In comparison, the stochastic policy gradient which was first derived in [5] is given by,

\[\begin{align} \nabla_{\theta} J(\pi_{_{\theta}}) &= \int_{\mathcal{S}} \rho^{\pi}(s) \int_{\mathcal{A}} \nabla_{\theta} \pi_{_{\theta}}(a|s)\, Q^{\pi}(s,a) \, da \, ds \notag \\ &= \mathbb{E}_{s \sim \rho^{\pi}, a \sim \pi_{_{\theta}}}[\nabla_{\theta} \log\pi_{_{\theta}}(a|s)\, Q^{\pi}(s,a)] \notag \end{align}\]

DPG argues that the deterministic policy gradient can be estimated much more efficiently (with fewer samples) compared to the stochastic policy gradient, as the former requires an integration over only the state space, while the latter requires an integration over both the state and action spaces. This is especially true when the action space has many dimensions.

DPG then states that a standalone deterministic policy cannot be used, as it will not be able to explore adequately, which will lead to sub-optimal solutions. An off-policy approach is needed, where a stochastic behaviour policy $\beta$ is followed to ensure sufficient exploration, while learning about a deterministic target policy $\mu$, exploiting the efficiency of the deterministic policy gradient. DPG shows that the off-policy deterministic policy gradient is given by,

\[\begin{align} \nabla_{\theta} J_{\beta}(\mu_{_{\theta}}) &\approx \int_{\mathcal{S}} \rho^{\beta}(s) \nabla_{\theta} \mu_{_{\theta}}(s)\nabla_{a} Q^{\mu}(s,a)|_{a=\mu_{_{\theta}}(s)} ds \notag \\ &= \mathbb{E}_{s \sim \rho^{\beta}}[\nabla_{\theta} \mu_{_{\theta}}(s)\nabla_{a} Q^{\mu}(s,a)|_{a=\mu_{_{\theta}}(s)}] \notag \end{align}\]

DDPG

DDPG adapts DPG to use deep neural networks. To ensure stability while training with deep neural networks, DDPG uses the ideas underlying the success of DQN such as experience replay and target networks. To work with observations containing different physical quantities (e.g position, velocity), whose ranges may vary across environments, DDPG uses batch normalization. The overall DDPG algorithm is summarized below.

Implementation

You can find my Pytorch implementation of DDPG here.

Results

I trained DDPG on a few continuous control tasks from Deepmind Control Suite. Results are below.
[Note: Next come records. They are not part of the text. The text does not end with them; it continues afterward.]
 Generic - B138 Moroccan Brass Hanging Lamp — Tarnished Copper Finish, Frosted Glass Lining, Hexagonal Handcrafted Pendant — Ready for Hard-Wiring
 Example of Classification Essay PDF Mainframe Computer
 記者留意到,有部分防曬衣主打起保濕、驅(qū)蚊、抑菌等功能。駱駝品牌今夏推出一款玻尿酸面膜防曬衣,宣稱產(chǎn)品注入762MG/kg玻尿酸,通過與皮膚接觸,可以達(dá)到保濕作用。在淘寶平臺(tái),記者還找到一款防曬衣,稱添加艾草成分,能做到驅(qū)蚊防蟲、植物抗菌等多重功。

  • Cartpole Swingup : Swing up and balance an unactuated pole by applying forces to a cart at its base.

  • Reacher Hard : Control a two-link robotic arm to reach a random target location.
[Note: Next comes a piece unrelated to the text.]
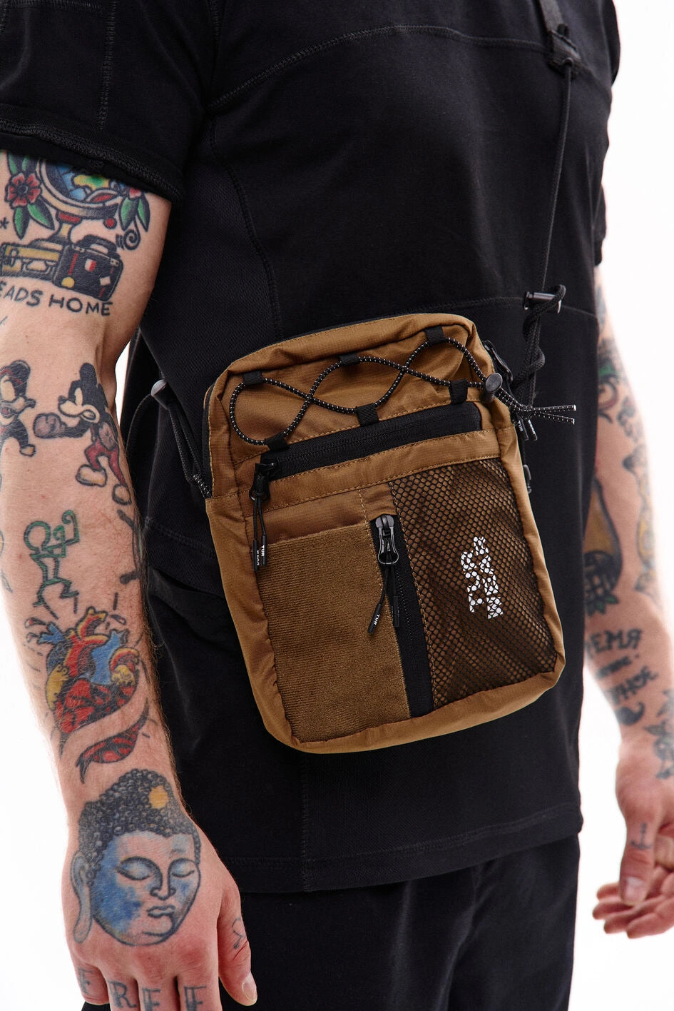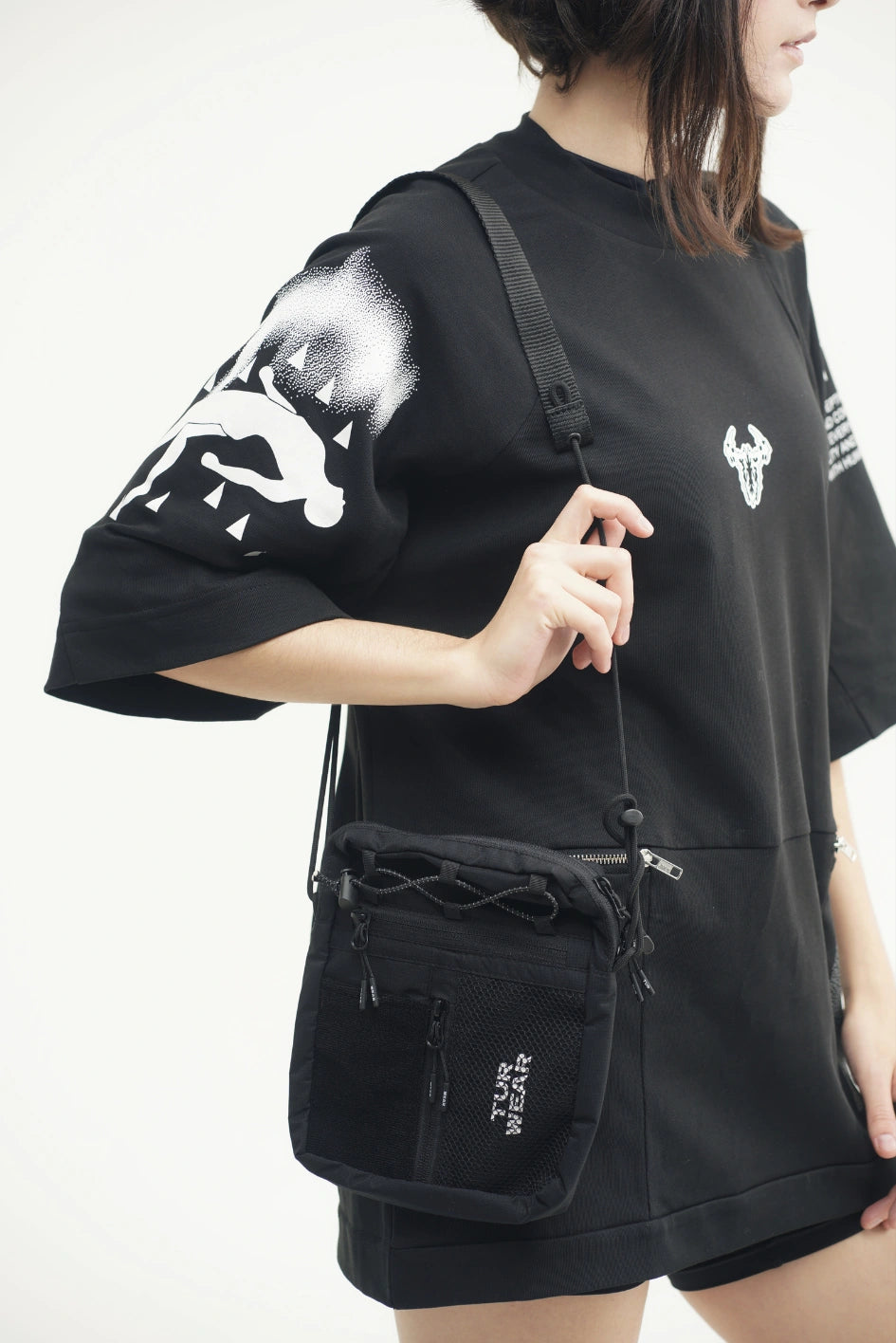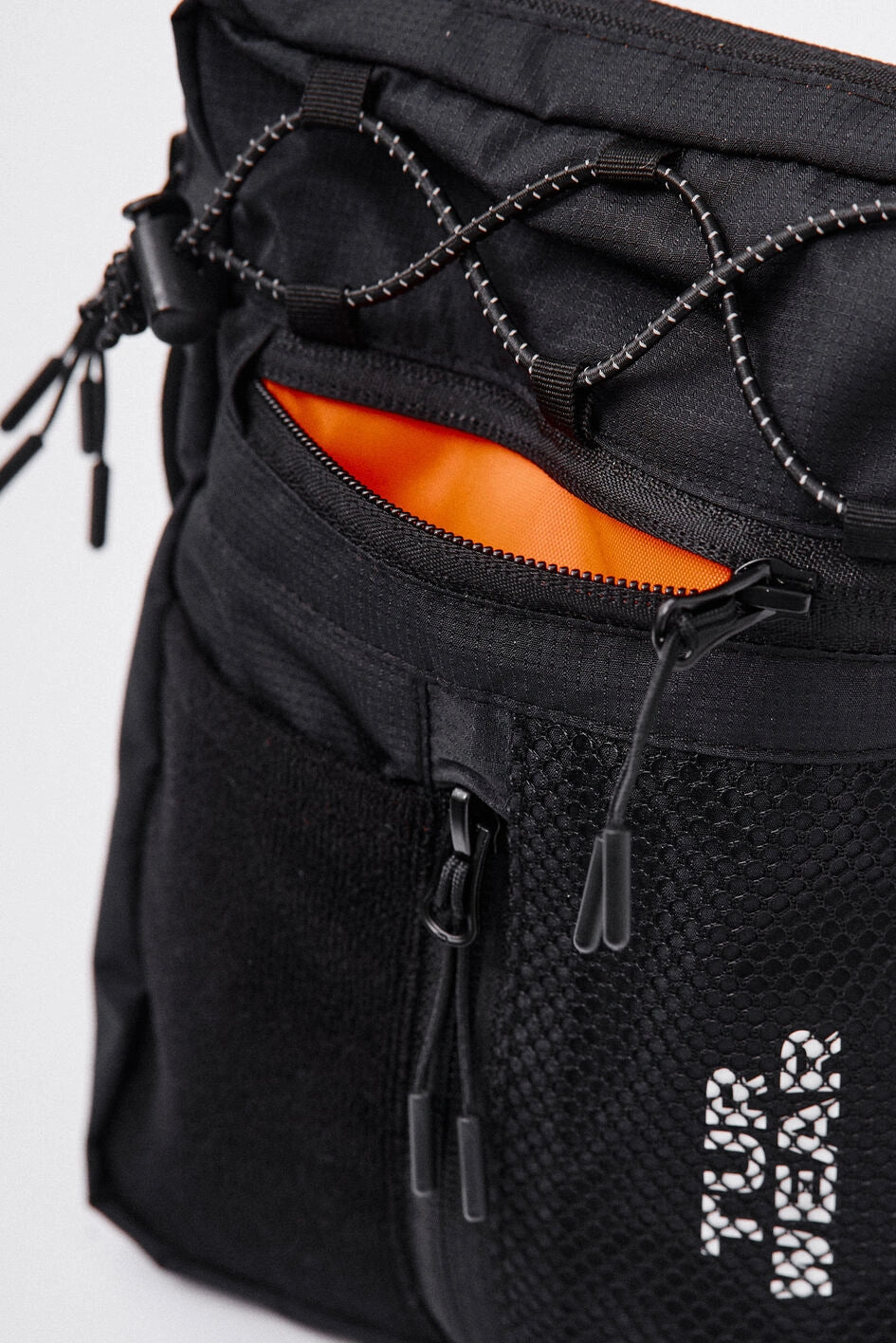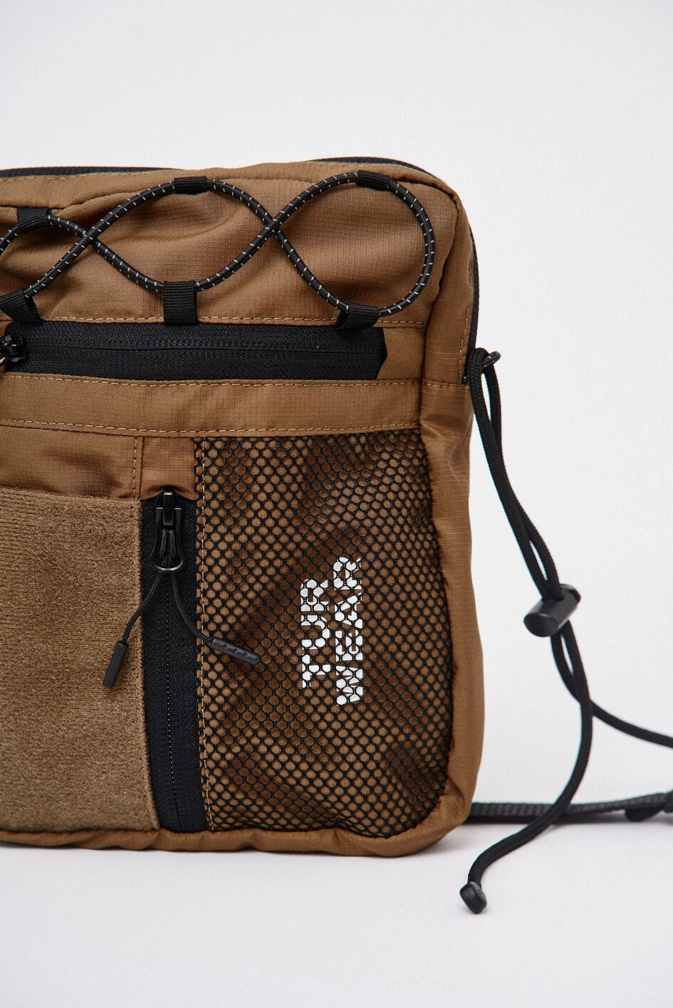 Vertikale Tasche, ideal für kleine Gegenstände wie Handy, Schlüssel, Geldbörse oder Dokumente. Hauptfach mit Reißverschluss und zwei Zippern, darin ein großes Fach und zwei kleine Taschen. Vorne befinden sich horizontale und vertikale Reißverschlusstaschen. Die vertikale Tasche ist mit einem Klettpatch versehen, daneben ein Netzelement mit sichtbarem weißen Markenprint. Die Tasche verfügt über zwei Innentaschen und eine Trennwand. Der Gurt wird mit Woojin-Plastikbeschlägen befestigt, kombiniert aus Kordel und Gurtband. Die Gurtclips sind über reflektierende elastische Kordel-„Ösen“ an der Tasche befestigt. Die obere Partie ist zusätzlich mit reflektierendem elastischem Kordelzug versehen.

  • Cheetah Run : Control a planar biped to run.

  • Walker Run : Control a planar biped to run.

  • Humanoid Walk : Control a simplified humanoid to walk.

References

[1] Timothy P Lillicrap, Jonathan J Hunt, Alexander Pritzel, Nicolas Heess, Tom Erez, Yuval Tassa, David Silver, and Daan Wierstra. Continuous control with deep reinforcement learning. arXiv preprint arXiv:1509.02971, 2015. Link

[2] Volodymyr Mnih, Koray Kavukcuoglu, David Silver, Alex Graves, Ioannis Antonoglou, Daan Wierstra, and Martin Riedmiller. Playing atari with deep reinforcement learning. arXiv preprint arXiv:1312.5602, 2013.

[3] David Silver, Guy Lever, Nicolas Heess, Thomas Degris, Daan Wierstra, and Martin Riedmiller. Deterministic policy gradient algorithms. In International conference on machine learning, pages 387–395. PMLR, 2014.

[4] Christopher JCH Watkins and Peter Dayan. Q-learning. Machine learning, 8(3):279–292, 1992.

[5] Richard S Sutton, David McAllester, Satinder Singh, and Yishay Mansour. Policy gradient methods for reinforcement learning with function approximation. Advances in neural information processing systems, 12, 1999.